TASK STATEMENT: When you output the records, match them exactly and omit any picture they include.

RECORDS FOR PROCESSING:
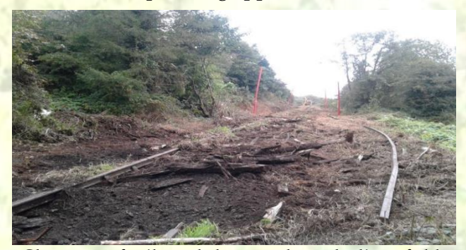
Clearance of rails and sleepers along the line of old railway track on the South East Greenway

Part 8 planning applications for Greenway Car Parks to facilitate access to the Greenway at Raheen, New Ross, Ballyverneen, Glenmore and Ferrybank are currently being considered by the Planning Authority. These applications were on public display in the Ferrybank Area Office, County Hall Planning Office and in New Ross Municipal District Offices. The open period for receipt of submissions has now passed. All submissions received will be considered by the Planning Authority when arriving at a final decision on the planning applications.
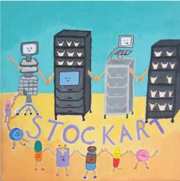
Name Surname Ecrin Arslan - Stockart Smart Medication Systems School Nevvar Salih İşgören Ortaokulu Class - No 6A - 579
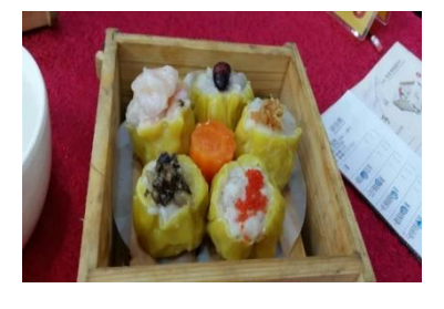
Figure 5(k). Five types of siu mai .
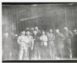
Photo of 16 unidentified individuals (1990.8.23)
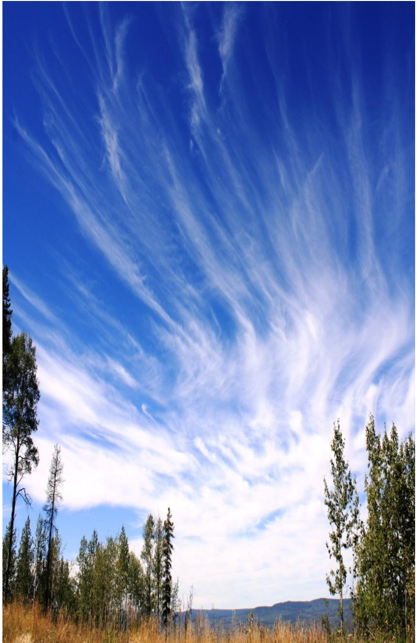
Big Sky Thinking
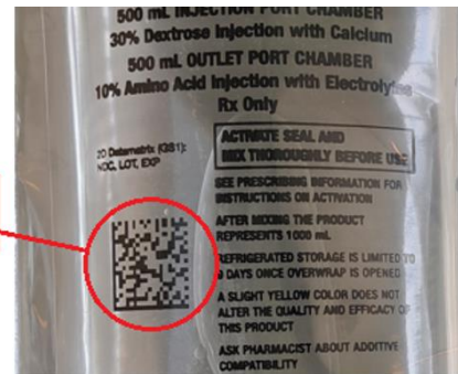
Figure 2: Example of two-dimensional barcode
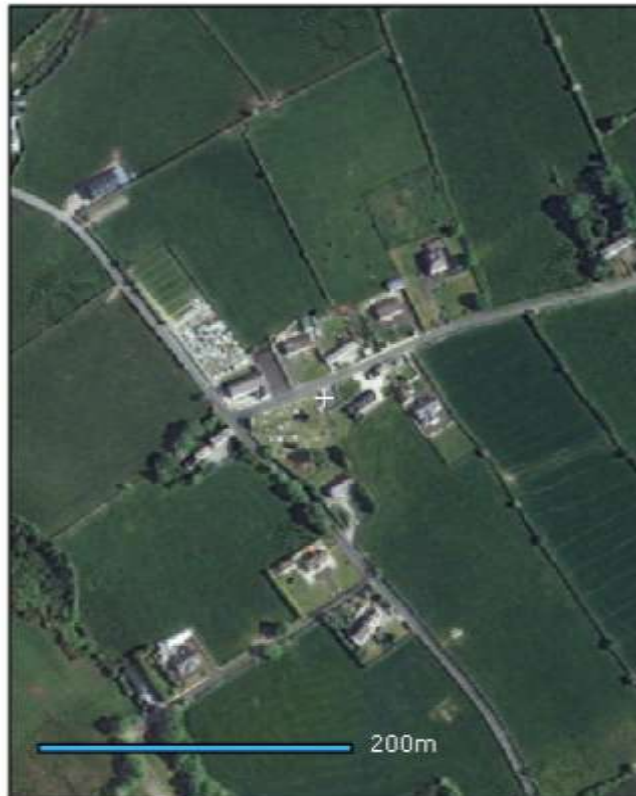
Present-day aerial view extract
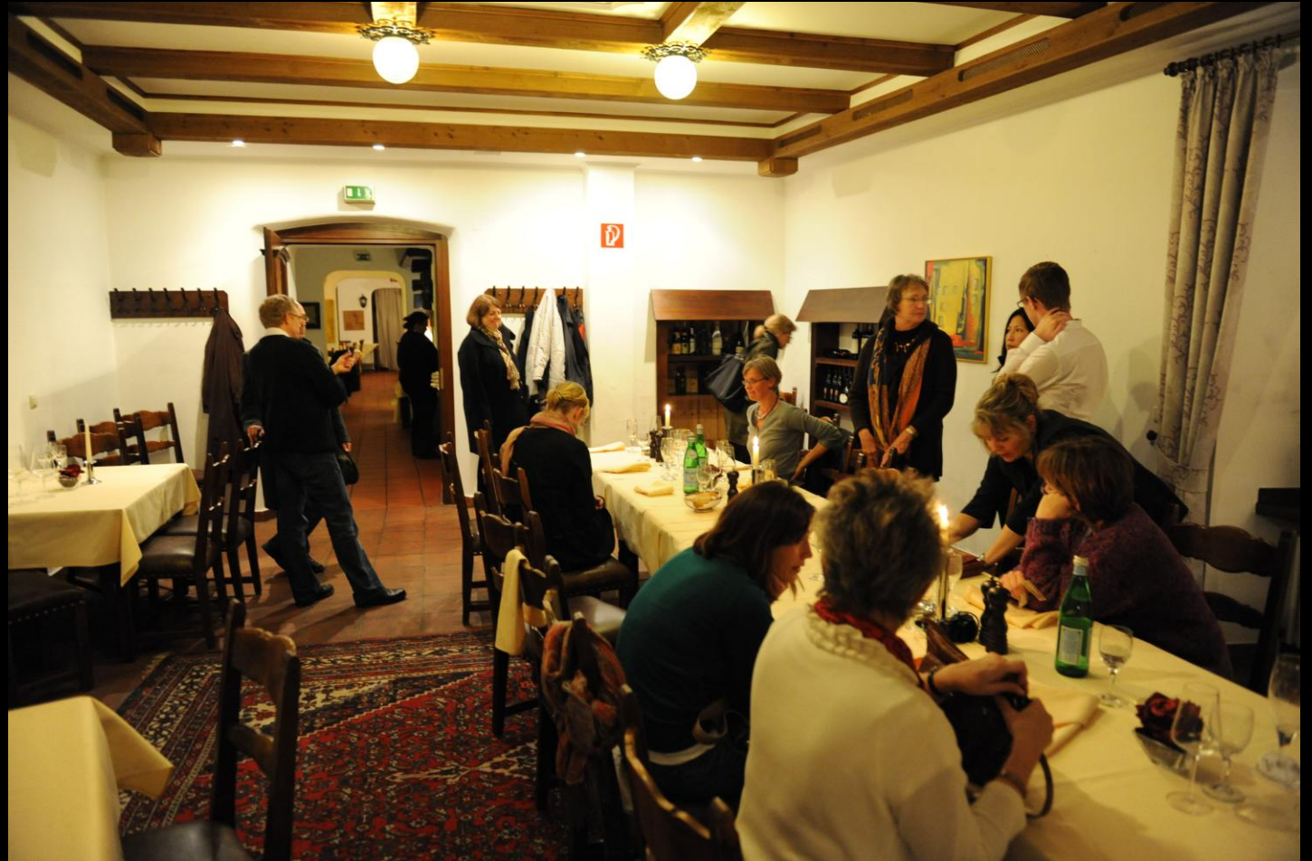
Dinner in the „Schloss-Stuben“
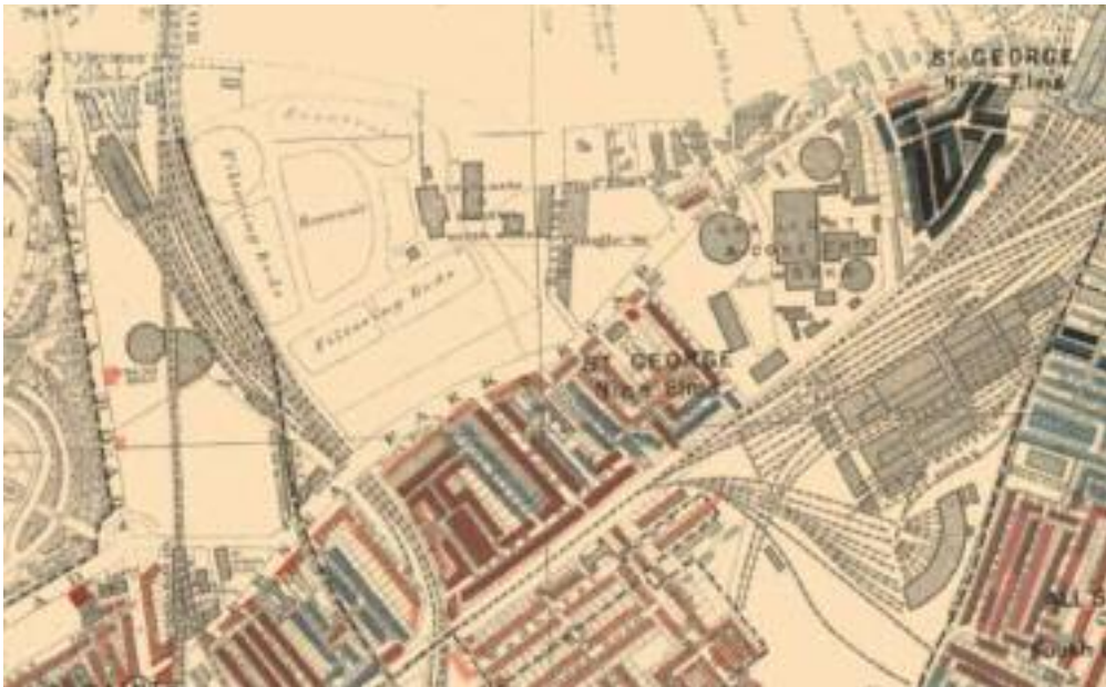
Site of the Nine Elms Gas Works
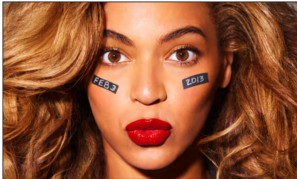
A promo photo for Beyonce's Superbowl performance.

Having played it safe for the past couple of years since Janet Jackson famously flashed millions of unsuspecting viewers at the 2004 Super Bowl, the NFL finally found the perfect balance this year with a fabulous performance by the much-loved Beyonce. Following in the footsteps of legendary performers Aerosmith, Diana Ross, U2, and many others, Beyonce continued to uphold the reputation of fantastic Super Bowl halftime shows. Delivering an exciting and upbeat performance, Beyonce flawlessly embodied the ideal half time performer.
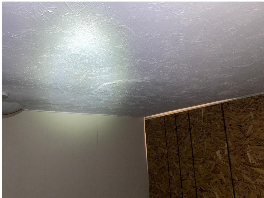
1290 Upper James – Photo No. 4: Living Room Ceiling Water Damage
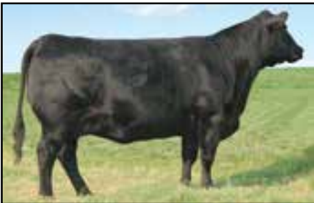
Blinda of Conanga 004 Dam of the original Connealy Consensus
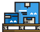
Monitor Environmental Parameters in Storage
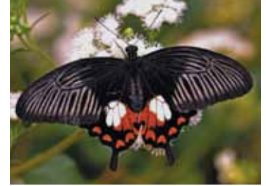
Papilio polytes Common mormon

ANSWER SECTION:
Clearance of rails and sleepers along the line of old railway track on the South East Greenway

Part 8 planning applications for Greenway Car Parks to facilitate access to the Greenway at Raheen, New Ross, Ballyverneen, Glenmore and Ferrybank are currently being considered by the Planning Authority. These applications were on public display in the Ferrybank Area Office, County Hall Planning Office and in New Ross Municipal District Offices. The open period for receipt of submissions has now passed. All submissions received will be considered by the Planning Authority when arriving at a final decision on the planning applications.
Name Surname Ecrin Arslan - Stockart Smart Medication Systems School Nevvar Salih İşgören Ortaokulu Class - No 6A - 579
Figure 5(k). Five types of siu mai .
Photo of 16 unidentified individuals (1990.8.23)
Big Sky Thinking
Figure 2: Example of two-dimensional barcode
Present-day aerial view extract
Dinner in the „Schloss-Stuben“
Site of the Nine Elms Gas Works
A promo photo for Beyonce's Superbowl performance.

Having played it safe for the past couple of years since Janet Jackson famously flashed millions of unsuspecting viewers at the 2004 Super Bowl, the NFL finally found the perfect balance this year with a fabulous performance by the much-loved Beyonce. Following in the footsteps of legendary performers Aerosmith, Diana Ross, U2, and many others, Beyonce continued to uphold the reputation of fantastic Super Bowl halftime shows. Delivering an exciting and upbeat performance, Beyonce flawlessly embodied the ideal half time performer.
1290 Upper James – Photo No. 4: Living Room Ceiling Water Damage
Blinda of Conanga 004 Dam of the original Connealy Consensus
Monitor Environmental Parameters in Storage
Papilio polytes Common mormon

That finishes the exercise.